All 6 of these metrics are supposed to be percentages.  What's up with
1,388?  Bouth cpu_aidle and cpu_wio are linearly decreasing graphs with
the same slope (and same current value).  They look to be the same back
into the shown history, but it's hard to be exact.  This seems to be the
case (with different current values) on a number of hosts.  

Two .pngs of hosts exhibiting this behavior are at
http://cryptio.net/~ben/ganglia/host_report.png and
http://cryptio.net/~ben/ganglia/host_report2.png

Note that these stats are all created since I moved the old files out of
place earlier today, so there is no chance of left over corruption.  

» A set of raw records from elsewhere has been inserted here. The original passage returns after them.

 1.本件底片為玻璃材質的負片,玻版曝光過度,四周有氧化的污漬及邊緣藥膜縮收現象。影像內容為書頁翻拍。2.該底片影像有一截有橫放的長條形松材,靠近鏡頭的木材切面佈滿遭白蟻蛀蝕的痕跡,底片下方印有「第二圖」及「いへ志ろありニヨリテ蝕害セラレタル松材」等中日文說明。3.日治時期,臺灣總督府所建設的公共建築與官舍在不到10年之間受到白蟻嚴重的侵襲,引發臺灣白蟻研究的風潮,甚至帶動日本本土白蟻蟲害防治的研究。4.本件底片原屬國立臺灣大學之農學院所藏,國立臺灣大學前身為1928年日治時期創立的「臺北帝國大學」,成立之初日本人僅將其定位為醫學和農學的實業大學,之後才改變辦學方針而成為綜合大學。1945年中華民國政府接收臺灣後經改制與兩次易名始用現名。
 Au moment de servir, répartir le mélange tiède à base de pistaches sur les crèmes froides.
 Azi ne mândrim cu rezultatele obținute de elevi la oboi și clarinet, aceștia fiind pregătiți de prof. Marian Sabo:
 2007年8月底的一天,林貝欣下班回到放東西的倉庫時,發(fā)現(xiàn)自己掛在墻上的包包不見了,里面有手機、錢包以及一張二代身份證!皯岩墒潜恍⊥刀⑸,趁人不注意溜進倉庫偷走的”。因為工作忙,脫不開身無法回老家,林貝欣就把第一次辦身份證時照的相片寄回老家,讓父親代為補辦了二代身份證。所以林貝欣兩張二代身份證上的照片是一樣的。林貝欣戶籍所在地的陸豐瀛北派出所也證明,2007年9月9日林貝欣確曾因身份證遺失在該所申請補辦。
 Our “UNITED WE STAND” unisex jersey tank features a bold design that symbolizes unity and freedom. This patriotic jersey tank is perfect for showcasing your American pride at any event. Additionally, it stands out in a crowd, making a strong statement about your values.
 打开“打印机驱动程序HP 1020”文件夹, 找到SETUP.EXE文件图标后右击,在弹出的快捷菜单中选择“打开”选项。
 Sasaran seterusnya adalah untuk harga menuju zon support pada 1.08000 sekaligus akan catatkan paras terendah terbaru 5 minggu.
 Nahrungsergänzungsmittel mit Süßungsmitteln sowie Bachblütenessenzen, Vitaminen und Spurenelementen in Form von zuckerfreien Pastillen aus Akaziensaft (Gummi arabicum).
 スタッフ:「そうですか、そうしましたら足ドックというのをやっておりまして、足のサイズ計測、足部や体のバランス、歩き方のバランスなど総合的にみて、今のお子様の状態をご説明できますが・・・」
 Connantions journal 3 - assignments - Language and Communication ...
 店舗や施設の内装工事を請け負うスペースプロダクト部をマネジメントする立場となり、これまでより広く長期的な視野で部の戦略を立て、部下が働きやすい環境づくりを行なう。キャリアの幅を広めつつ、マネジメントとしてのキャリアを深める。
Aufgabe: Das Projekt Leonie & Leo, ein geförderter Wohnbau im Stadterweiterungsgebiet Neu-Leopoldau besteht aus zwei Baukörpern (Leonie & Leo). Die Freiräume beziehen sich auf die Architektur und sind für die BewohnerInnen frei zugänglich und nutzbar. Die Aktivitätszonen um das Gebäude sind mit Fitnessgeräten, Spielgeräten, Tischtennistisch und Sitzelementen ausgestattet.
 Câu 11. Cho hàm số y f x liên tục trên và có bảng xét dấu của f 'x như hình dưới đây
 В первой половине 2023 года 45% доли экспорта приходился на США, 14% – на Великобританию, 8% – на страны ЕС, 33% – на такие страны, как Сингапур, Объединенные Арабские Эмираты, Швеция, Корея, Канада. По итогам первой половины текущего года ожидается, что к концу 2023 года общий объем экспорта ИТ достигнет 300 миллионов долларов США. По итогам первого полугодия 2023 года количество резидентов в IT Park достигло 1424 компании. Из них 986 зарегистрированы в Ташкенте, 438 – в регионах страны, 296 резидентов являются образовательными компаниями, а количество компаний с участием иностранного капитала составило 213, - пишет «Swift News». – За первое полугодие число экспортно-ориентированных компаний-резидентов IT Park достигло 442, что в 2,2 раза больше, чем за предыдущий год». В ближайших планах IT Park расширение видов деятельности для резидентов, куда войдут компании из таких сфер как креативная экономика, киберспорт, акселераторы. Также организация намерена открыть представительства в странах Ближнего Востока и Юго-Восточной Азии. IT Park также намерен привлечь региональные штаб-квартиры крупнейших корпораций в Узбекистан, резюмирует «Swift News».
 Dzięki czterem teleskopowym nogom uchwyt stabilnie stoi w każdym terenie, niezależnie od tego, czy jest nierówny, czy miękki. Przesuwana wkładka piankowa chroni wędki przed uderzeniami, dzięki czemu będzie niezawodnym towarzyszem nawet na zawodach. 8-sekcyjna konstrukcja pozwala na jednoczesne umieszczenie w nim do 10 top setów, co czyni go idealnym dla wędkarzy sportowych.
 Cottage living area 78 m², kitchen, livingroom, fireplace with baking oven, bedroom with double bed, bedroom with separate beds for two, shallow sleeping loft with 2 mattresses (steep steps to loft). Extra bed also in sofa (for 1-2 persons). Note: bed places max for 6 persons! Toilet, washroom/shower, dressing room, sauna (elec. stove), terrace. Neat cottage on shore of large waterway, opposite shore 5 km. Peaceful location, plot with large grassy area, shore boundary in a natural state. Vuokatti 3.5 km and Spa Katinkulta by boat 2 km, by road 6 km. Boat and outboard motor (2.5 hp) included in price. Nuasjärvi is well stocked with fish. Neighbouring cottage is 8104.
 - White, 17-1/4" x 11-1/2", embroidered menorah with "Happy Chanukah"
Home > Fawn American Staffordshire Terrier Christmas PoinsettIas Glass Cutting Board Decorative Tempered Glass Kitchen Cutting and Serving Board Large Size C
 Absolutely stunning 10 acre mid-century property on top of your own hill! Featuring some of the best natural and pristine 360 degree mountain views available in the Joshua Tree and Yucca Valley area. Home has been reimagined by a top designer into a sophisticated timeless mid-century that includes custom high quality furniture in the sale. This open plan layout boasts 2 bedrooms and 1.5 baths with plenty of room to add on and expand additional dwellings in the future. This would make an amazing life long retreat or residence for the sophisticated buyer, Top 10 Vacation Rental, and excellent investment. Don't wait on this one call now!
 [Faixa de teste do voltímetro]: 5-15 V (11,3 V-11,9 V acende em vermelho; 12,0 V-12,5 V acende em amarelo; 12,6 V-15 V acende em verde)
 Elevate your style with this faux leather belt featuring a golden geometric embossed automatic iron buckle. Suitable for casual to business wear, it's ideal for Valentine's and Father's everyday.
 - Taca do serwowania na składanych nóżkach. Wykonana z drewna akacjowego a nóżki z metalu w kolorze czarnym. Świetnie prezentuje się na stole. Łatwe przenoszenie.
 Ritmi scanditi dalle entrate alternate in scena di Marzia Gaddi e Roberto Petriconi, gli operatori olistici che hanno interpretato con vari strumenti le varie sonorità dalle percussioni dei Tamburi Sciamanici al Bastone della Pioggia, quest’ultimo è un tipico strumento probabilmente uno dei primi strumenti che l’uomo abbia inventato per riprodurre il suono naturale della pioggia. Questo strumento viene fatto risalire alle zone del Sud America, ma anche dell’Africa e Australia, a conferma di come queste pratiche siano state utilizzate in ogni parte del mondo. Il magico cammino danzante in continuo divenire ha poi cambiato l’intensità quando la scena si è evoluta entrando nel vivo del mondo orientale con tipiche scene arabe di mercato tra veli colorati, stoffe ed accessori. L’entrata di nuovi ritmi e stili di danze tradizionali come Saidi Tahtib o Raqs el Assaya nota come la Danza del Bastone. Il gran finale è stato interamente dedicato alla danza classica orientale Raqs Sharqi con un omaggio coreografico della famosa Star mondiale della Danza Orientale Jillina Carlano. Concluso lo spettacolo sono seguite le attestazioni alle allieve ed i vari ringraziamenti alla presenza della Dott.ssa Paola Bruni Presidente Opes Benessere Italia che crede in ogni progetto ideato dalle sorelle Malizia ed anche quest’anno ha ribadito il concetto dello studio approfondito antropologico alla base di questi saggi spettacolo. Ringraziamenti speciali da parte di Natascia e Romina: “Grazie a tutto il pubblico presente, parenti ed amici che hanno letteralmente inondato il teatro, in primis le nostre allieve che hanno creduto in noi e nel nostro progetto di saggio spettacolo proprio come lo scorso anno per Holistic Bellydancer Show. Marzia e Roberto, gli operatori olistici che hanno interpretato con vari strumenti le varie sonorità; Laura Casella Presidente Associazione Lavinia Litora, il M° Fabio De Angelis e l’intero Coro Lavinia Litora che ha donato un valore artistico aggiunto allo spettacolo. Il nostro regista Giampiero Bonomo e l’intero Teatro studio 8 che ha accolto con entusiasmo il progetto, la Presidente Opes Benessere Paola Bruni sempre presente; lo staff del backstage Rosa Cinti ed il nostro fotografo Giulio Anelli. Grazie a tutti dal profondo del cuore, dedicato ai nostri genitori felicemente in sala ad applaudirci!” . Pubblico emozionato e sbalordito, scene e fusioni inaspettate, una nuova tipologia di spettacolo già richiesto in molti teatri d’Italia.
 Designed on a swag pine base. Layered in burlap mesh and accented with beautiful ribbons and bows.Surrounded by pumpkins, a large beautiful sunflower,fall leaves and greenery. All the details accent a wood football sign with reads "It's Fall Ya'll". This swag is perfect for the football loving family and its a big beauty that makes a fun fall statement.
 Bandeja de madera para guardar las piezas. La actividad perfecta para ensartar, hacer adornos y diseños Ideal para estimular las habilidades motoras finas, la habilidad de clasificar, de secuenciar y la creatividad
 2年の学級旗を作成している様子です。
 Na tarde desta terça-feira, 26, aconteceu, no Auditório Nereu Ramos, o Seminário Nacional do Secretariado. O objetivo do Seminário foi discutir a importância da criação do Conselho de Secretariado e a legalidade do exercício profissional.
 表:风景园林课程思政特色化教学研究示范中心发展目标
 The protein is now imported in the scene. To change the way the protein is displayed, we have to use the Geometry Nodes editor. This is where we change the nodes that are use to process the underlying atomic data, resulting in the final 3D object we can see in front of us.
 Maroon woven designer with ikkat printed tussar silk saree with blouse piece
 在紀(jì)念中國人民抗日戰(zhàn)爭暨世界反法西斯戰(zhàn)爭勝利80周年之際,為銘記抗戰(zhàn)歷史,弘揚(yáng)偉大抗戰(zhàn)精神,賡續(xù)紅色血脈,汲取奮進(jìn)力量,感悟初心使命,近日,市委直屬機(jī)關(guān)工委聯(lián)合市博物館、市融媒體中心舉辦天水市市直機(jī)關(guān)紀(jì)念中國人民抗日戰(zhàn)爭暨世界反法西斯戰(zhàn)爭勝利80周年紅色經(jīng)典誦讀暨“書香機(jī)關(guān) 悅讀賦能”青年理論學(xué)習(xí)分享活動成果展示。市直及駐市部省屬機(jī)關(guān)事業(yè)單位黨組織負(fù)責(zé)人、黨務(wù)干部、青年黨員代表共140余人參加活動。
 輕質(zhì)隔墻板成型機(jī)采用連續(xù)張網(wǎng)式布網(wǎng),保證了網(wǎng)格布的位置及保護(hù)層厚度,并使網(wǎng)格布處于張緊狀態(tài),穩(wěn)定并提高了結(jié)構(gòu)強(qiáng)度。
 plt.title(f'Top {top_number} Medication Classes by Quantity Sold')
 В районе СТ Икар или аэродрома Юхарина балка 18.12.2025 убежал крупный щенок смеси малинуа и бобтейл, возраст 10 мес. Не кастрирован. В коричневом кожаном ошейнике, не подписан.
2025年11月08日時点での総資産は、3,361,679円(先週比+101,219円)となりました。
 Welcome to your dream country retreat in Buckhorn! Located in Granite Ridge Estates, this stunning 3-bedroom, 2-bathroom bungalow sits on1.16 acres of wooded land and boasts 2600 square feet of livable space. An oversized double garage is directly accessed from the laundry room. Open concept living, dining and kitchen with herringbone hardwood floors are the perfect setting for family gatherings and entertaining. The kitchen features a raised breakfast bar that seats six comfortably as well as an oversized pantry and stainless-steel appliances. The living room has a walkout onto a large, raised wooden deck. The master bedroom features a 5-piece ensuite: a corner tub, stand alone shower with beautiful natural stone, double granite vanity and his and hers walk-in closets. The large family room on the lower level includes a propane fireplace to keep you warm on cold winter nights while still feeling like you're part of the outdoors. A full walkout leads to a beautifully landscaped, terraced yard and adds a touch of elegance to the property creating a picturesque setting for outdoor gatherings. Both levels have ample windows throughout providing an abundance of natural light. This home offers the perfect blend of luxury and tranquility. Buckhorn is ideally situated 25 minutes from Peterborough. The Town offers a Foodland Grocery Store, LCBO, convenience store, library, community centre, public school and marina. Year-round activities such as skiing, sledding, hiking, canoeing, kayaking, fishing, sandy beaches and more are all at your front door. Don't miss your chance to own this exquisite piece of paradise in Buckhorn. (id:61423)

Are my hosts dying?  restarting gmond on the host seems to have no
effect.

Would it be possible to create this kind of error by upgrading the
server to gmetad 3.0.2 but leaving the clients running gmond 3.0.1? Yes,
it seems to be the case.  Upgrading the reporting host to 3.0.2 fixes
the strange cpu report symptom.  That's kind of unfortunate, that the
gmond and gmetad are not compatible across a minor version like that.
:(

ok, I think that's enough for this post.

Again, thanks for all your help and insight.

-ben

-- 
Ben Hartshorne
email: [EMAIL PROTECTED]
http://ben.hartshorne.net

------------------------------------------------------------------------
For more information about Barclays Capital, please
visit our web site at http://www.barcap.com.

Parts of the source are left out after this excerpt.